# What is required
Repeat the data that follows exactly, starting at the line with "I use acrylic, acrylic-gouache, watercolor" and ending at the line with "Rectangular Heated Sleeping", and leave out every picture.

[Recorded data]

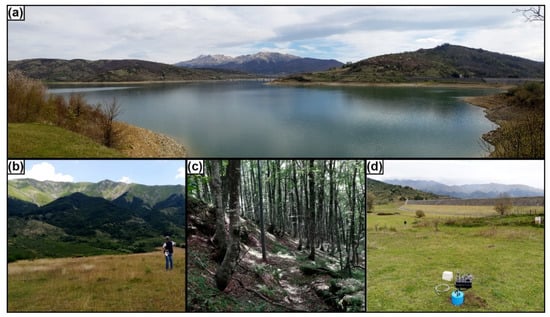 Panel of photographs of the study area: (a) Panoramic view of Lake Campotosto with, on the right, the Sella Pedicate dam and, in background, the Gorzano Mt. fault system; (b) view of the Gorzano Mt., where the triangular facets roughly indicate the Gorzano Mt. fault trend; (c) lowered ground surface indicating a main trench in the upper part the deep-seated gravitational slope deformations DsGSD (ID.9) of Figures 4 and 5; (d) seismic ambient noise measurement carried out in the Poggio Cancelli valley with, in background, the Poggio Cancelli dam.
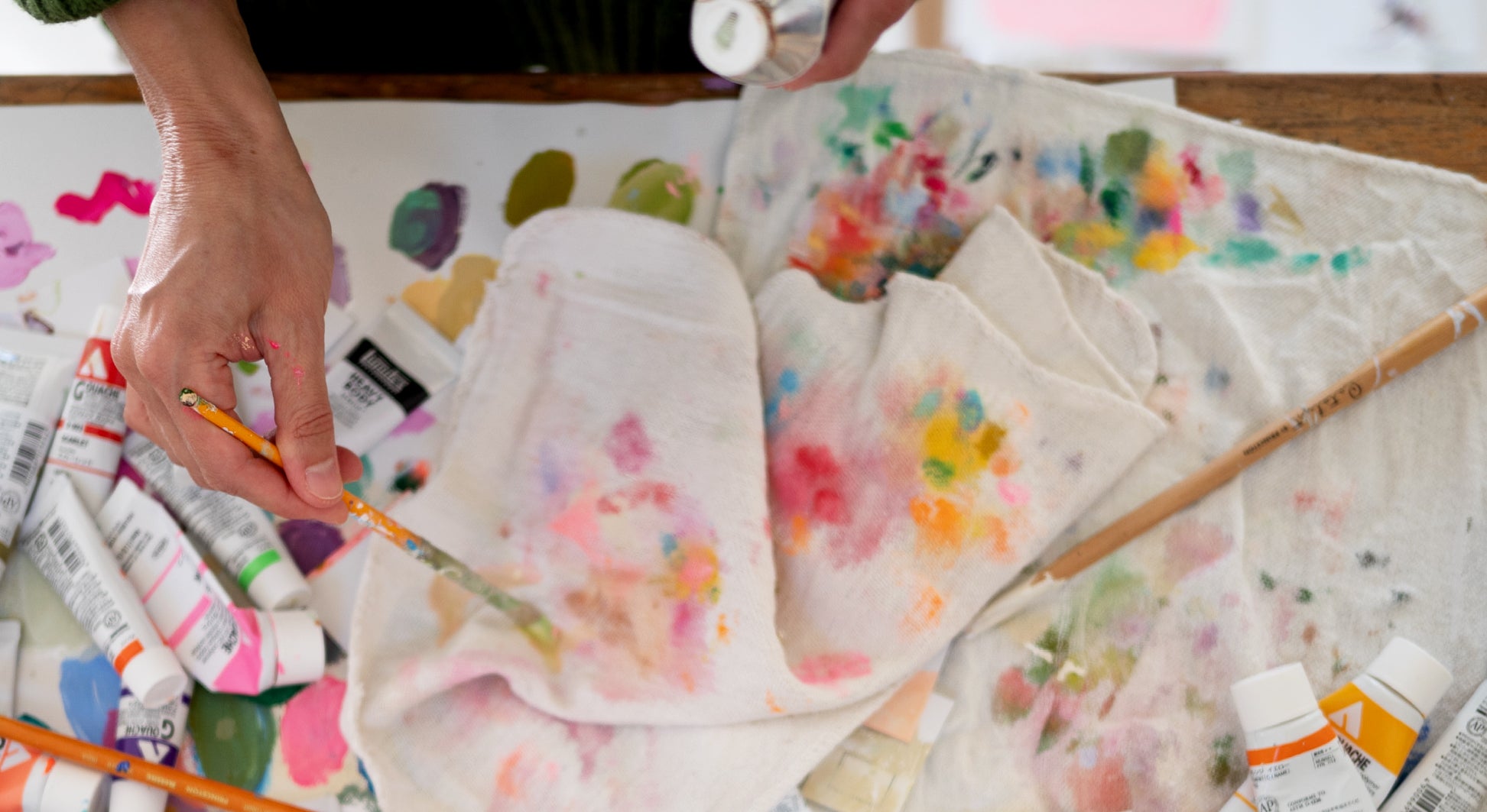 I use acrylic, acrylic-gouache, watercolor and ink.
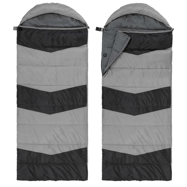 Rectangular Heated Sleeping Bag, Lightweight Sleeping Bag With Multi USB Powered Heating Pads, Waterproof Compact Envelope Sleeping Bag For Backpacking Hiking, Gray
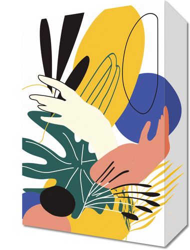 Obraz z serii minimalistyczne zatytułowany Dotyk Tropików. Ten energetyczny i kolorowy obraz przedstawia abstrakcyjną, niemal surrealistyczną wizję tropikalnej roślinności. Wielobarwne kształty łączą się z naturalnymi elementami tworząc efektowną kompozycję, która oddaje bujność i różnorodność tropików. Paleta barw, od głębokiego granatu, poprzez jaskrawy żółty, aż po delikatne pastele, wnosi do wnętrza świeżość i egzotykę.Ten obraz jest idealnym wyborem dla wnętrz, które pragną wnieść żywiołowość i odrobinę egzotyki do codziennej przestrzeni. Doskonale uzupełni jasne i przestronne salony, a także stanie się inspirującym akcentem w kreatywnych pracowniach lub kawiarniach. Może również dodać charakteru nowoczesnym, minimalistycznym biurom, wprowadzając żywe barwy i organiczne motywy.
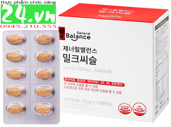 Thực phẩm bảo vệ sức khỏe GENERAL BALANCE MILK THISTLE là sản phẩm giúp hỗ trợ tăng cường chức năng gan, hỗ trợ bảo vệ gan, hỗ trợ giúp hạn chế tác hại của rượu bia. Bên trong 1 viên nén có các thành phần chính bao gồm:
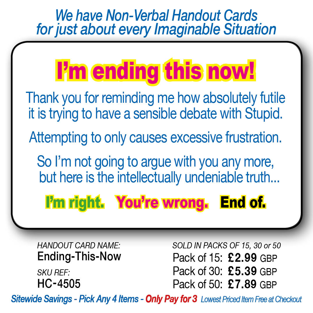 Our Handout Cards do exactly that on dozens of topics, most of them in ways that will have you laugh out loud. And being pre-printed, responsibility for having created the sometimes harsh or naughty words stays with us, not you!
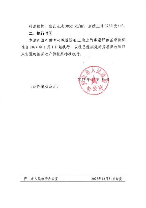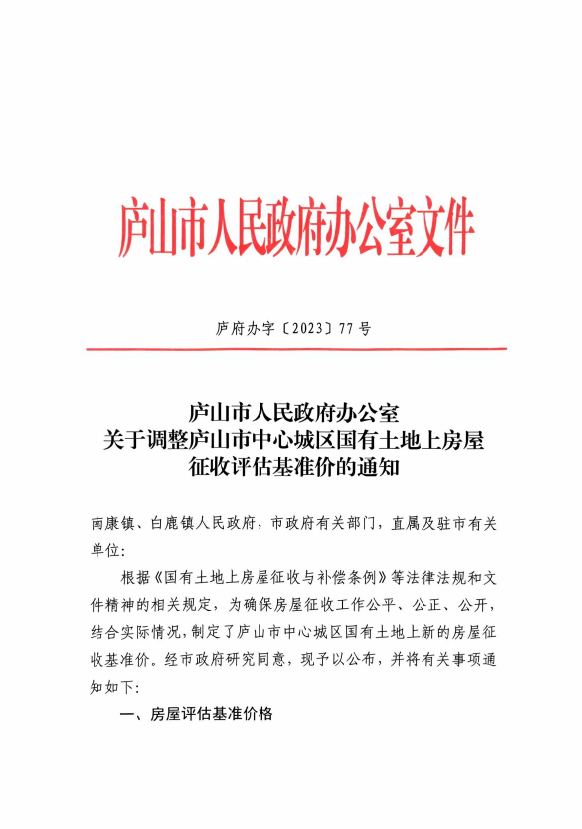 庐山市中心城区国有土地上房屋征收评估基准价调整

# Solution to this problem
 I use acrylic, acrylic-gouache, watercolor and ink.
 Rectangular Heated Sleeping Bag, Lightweight Sleeping Bag With Multi USB Powered Heating Pads, Waterproof Compact Envelope Sleeping Bag For Backpacking Hiking, Gray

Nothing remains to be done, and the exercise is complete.